Это было жестоко с ее стороны, и Джорджия увидела, что слова ее глубоко ранили Дрессера.
– Ну что же, вот вам еще одна веская причина восстановить ваше доброе имя, – после недолгой заминки ответил он.
Джорджия показала головой, понимая, что сейчас либо расхохочется в голос, либо разрыдается.
– О, Дрессер, скажите же наконец, как вас нарекли при крещении?
Поглядев на нее, Дрессер с улыбкой ответил:
– Хамфри.
Джорджия была в замешательстве. Наконец она сказала:
– Не самое благозвучное имя… Я понимаю вас.
– Когда я был зеленым юнгой, меня величали Фри, но потом вырос и настоял, чтобы меня называли исключительно Дрессер.
Тут смех победил, хотя в нем звенели слезы, и Джорджия приникла к его груди, сотрясаясь от хохота и стараясь подавить плач…
Глава 17
Дрессер продолжал придерживать Джорджию за талию – он понимал, что ее смех слишком близок к горьким слезам, и от всего сердца желал одним мощным усилием освободить ее от всех бед и горестей.
Но жизнь чересчур часто бывает жестока, и приходится долго нести бремя горестей.

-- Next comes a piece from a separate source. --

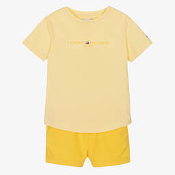 Sporty navy blue cotton shorts set for girls by American brand Tommy Hilfiger, made in comfortable jersey for relaxed days. The white T-shirt has a contrasting pink logo printed on the front, with the iconic embroidered flag logo on one sleeve. The navy blue shorts have a ribbed waistband with a white drawstring for a good fit and useful, jetted side pockets. They have an embroidered flag logo on one side.

Впрочем, не столь несправедливое бремя. И ему неминуемо надлежит вернуть этой леди доброе имя – пусть даже после этого она по праву сделается герцогиней.
Тем временем Джорджия опамятовалась и утерла выступившие слезинки.
– То, что вы избрали меня жилеткой для смеха пополам со слезами, считаю великой честью, – улыбнулся он.
– О, не надо! Иначе со мной вновь сделается истерика. Послушайте, нам пора возвратиться к гостям, но я не могу предстать перед ними заплаканной. Как я выгляжу?
Она подставила лицо свету, и Дрессер внимательно его изучил.
– С вашим лицом все в полнейшем порядке. Но уже занимается заря, и кто-то из гостей наверняка выйдет, чтобы ею полюбоваться. Мы можем остаться здесь, с ними, чтобы вам не пришлось заходить в дом.
Джорджия окинула взглядом террасу:
– Что ж, прекрасно. Ой, кажется, я вижу Херрингов!
Парочка и впрямь обнаружилась в уголке террасы, скрытая за объемистой урной с пышными цветами. Подойдя поближе, Джорджия и ее спутник заметили, что чета пылко целуется.
– Они без ума друг от друга, – вздохнула Джорджия.
– Это благословение Божье.
– Полно, так ли это? Если они вовсе не хотят разлучаться?
– В браке такое – величайшее счастье, – сказал Дрессер. – Если привязанность не превращается в одержимость.
Наконец Херринги отстранились друг от друга, лица их сияли – они вовсе не были обескуражены тем, что их застали «на месте преступления».
– Что может быть лучше, чтобы встретить новый день? – улыбнулась Бэбз, однако тотчас спросила серьезно: – Как ты, дорогая моя?
– Готова встретить новый день, – сказала Джорджия. – Даже с тем условием, что не возлагаю на него радужных надежд.
Бэбз сердечно обняла подругу.
– Все обойдется! Но что именно ты намерена предпринять? Мисс Кардус останется здесь, как полагаешь?
– О господи! От души надеюсь, что нет. Я просто не смогу оставаться с ней под одной крышей!
– Так приезжай в Лондон, – сказала Бэбз. – Ты сможешь пожить у нас.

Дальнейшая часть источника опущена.